**TASK ITEM**
Please give back, exactly as written, the lines from the line with "cool and comfortable." to the line with "невентилируемый, установка: задний" in the listing below, leaving out all pictures.

**DATASET CONTENT**
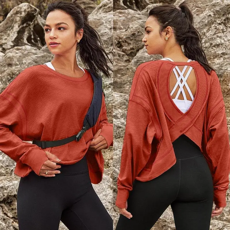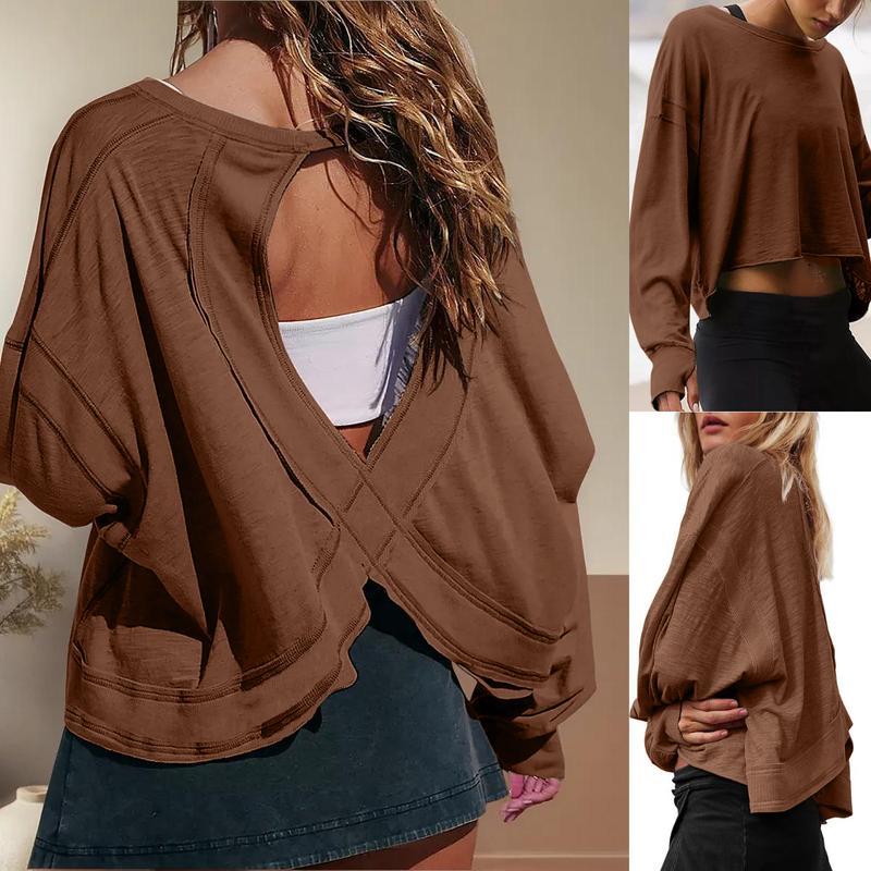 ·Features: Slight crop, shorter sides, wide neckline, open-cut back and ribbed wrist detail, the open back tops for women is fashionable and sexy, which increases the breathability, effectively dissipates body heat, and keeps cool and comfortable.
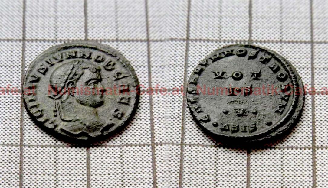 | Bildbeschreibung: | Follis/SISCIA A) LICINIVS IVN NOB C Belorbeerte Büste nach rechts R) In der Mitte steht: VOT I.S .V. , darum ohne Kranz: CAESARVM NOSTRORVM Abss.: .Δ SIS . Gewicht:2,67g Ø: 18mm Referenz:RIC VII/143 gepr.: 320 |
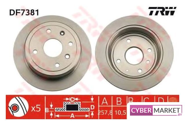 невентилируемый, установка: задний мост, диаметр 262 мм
...
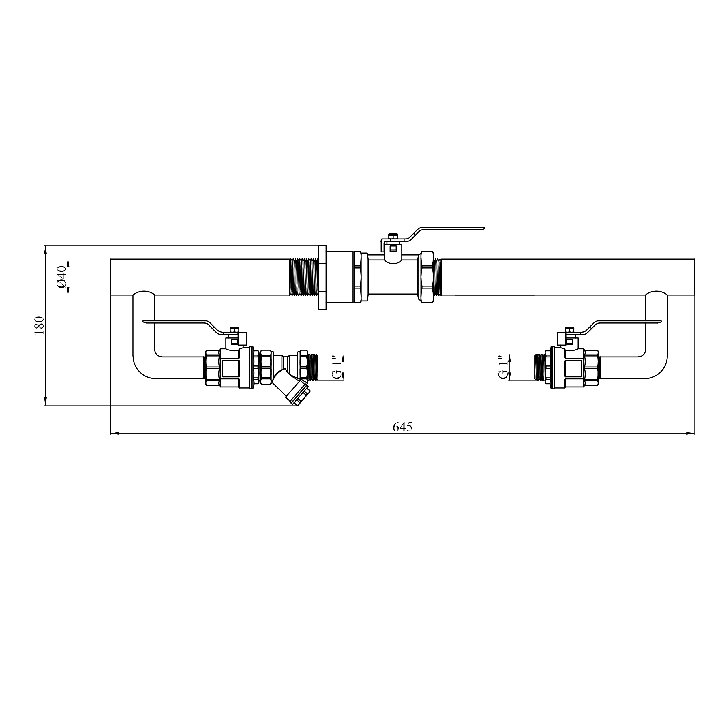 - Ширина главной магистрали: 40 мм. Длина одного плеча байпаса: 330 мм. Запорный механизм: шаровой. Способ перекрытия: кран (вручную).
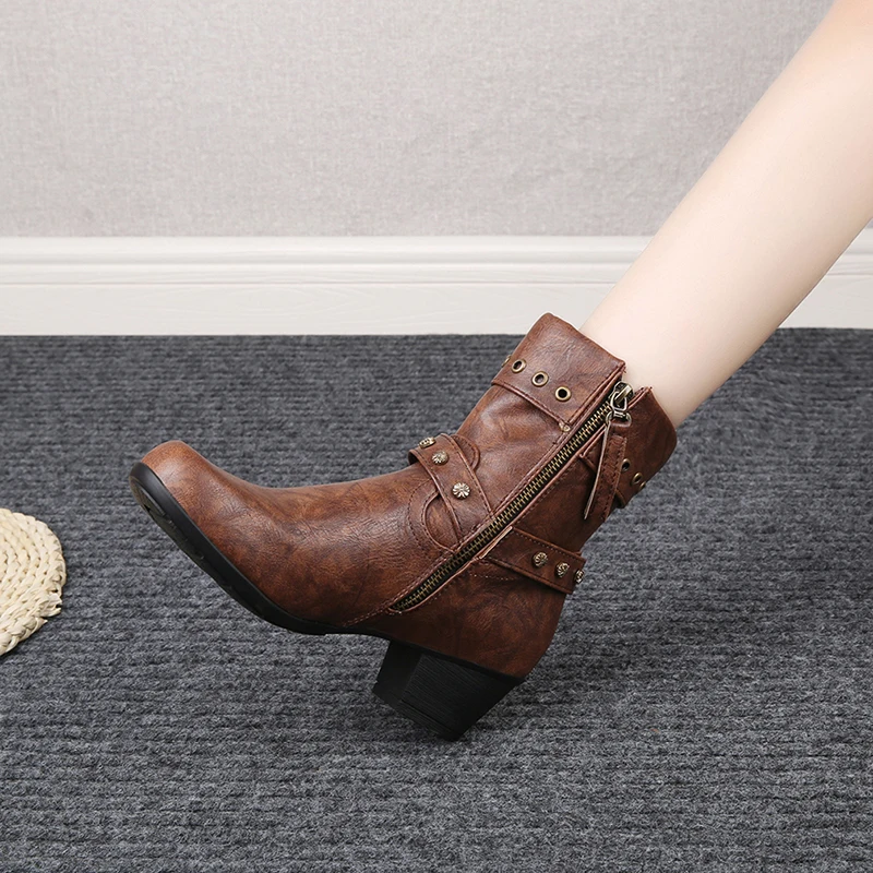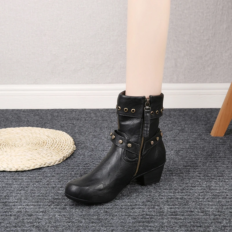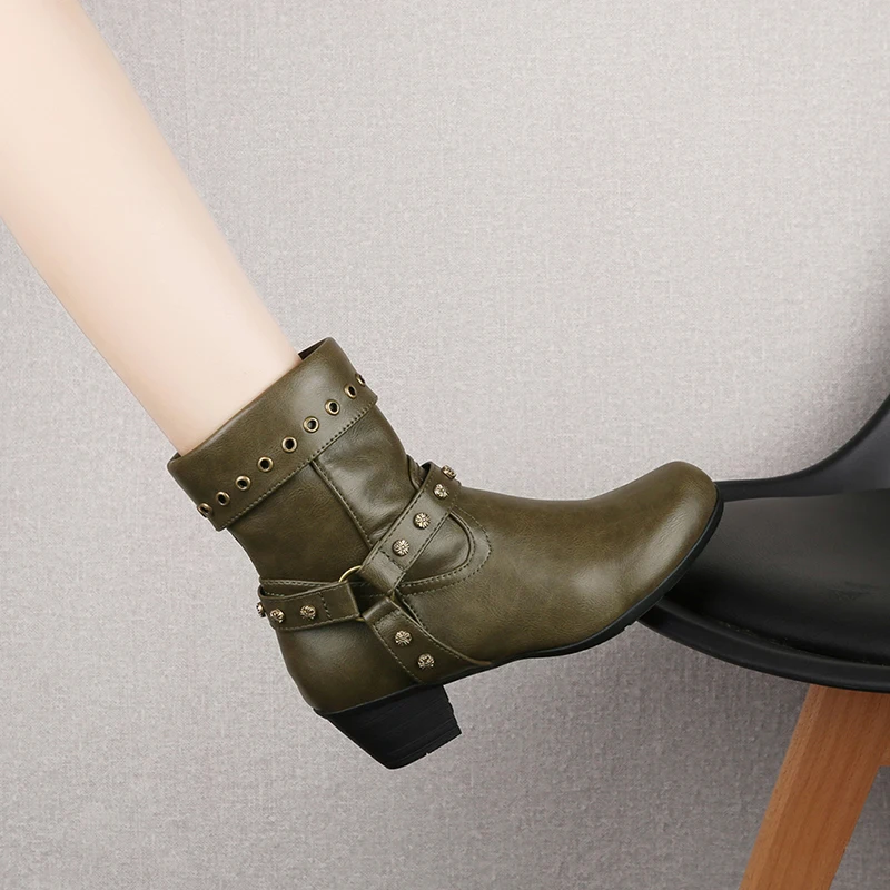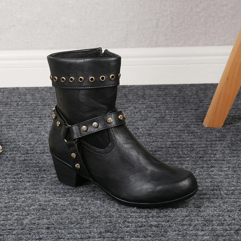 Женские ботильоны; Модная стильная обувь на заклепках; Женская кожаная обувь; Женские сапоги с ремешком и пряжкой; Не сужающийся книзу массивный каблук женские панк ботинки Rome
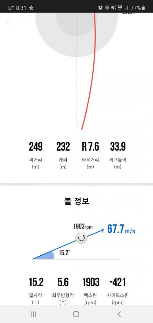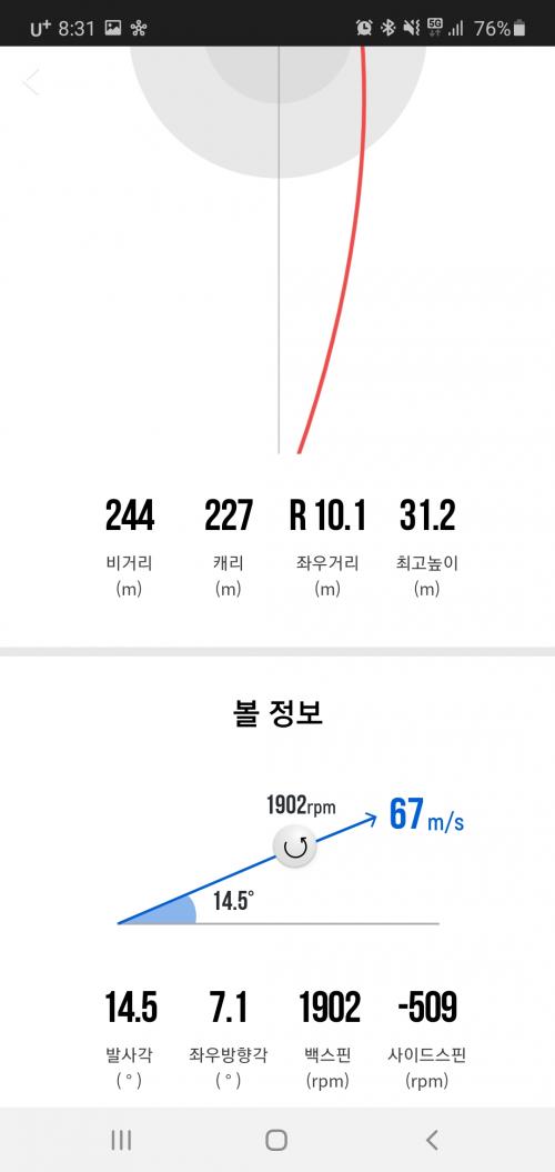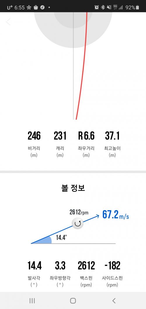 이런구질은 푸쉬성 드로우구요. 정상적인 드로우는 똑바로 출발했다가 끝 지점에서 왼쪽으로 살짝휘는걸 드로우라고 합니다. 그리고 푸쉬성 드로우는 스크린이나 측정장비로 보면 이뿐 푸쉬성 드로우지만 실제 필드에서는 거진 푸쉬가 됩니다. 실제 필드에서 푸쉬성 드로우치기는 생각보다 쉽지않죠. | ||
---
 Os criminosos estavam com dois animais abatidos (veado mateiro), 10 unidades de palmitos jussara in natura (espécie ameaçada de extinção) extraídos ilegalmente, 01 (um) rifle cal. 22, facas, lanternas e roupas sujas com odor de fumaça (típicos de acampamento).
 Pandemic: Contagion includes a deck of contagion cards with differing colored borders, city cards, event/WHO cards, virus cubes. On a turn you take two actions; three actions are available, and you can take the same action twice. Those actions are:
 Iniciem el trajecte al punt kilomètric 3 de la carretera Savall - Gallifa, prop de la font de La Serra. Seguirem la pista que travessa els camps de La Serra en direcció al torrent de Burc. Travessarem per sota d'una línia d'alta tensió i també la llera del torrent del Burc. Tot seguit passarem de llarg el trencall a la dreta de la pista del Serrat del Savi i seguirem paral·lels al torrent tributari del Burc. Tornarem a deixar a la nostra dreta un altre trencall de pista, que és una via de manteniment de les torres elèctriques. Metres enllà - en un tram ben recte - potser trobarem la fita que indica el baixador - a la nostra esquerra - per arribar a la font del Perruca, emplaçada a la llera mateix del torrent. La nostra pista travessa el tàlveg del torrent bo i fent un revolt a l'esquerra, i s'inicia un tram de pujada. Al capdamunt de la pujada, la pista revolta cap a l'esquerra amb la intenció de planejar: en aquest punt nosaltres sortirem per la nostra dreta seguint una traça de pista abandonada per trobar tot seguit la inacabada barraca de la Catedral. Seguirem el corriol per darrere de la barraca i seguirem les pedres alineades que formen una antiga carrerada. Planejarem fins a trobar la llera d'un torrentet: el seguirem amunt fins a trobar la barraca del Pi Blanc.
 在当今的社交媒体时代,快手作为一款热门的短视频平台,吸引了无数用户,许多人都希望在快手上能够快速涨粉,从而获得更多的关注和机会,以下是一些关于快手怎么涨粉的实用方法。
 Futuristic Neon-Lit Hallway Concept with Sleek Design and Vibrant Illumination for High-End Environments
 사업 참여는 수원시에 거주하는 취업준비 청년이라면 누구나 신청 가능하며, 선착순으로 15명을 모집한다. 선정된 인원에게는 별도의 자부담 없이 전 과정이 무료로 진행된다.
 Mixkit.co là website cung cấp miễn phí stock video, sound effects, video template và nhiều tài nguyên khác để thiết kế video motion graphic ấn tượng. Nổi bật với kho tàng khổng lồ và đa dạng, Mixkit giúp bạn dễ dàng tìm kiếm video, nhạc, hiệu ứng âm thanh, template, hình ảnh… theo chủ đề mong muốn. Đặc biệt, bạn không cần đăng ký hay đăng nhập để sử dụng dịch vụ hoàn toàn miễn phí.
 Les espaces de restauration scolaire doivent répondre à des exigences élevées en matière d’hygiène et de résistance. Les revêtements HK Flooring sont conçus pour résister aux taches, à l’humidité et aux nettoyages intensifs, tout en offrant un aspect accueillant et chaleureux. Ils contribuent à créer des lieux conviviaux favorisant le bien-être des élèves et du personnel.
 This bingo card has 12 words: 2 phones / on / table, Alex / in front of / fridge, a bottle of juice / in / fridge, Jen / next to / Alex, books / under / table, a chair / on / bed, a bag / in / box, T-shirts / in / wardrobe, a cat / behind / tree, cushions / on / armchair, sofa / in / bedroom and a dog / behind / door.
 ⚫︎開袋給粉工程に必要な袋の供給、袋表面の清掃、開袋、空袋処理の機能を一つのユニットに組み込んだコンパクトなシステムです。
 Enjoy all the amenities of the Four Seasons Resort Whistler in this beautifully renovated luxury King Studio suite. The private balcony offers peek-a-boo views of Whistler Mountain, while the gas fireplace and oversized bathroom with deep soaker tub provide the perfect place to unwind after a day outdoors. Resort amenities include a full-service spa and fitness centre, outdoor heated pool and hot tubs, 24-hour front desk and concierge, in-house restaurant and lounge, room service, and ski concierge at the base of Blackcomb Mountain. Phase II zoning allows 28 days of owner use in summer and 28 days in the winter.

**ANSWER TO THIS EXERCISE**
 ·Features: Slight crop, shorter sides, wide neckline, open-cut back and ribbed wrist detail, the open back tops for women is fashionable and sexy, which increases the breathability, effectively dissipates body heat, and keeps cool and comfortable.
 | Bildbeschreibung: | Follis/SISCIA A) LICINIVS IVN NOB C Belorbeerte Büste nach rechts R) In der Mitte steht: VOT I.S .V. , darum ohne Kranz: CAESARVM NOSTRORVM Abss.: .Δ SIS . Gewicht:2,67g Ø: 18mm Referenz:RIC VII/143 gepr.: 320 |
 невентилируемый, установка: задний мост, диаметр 262 мм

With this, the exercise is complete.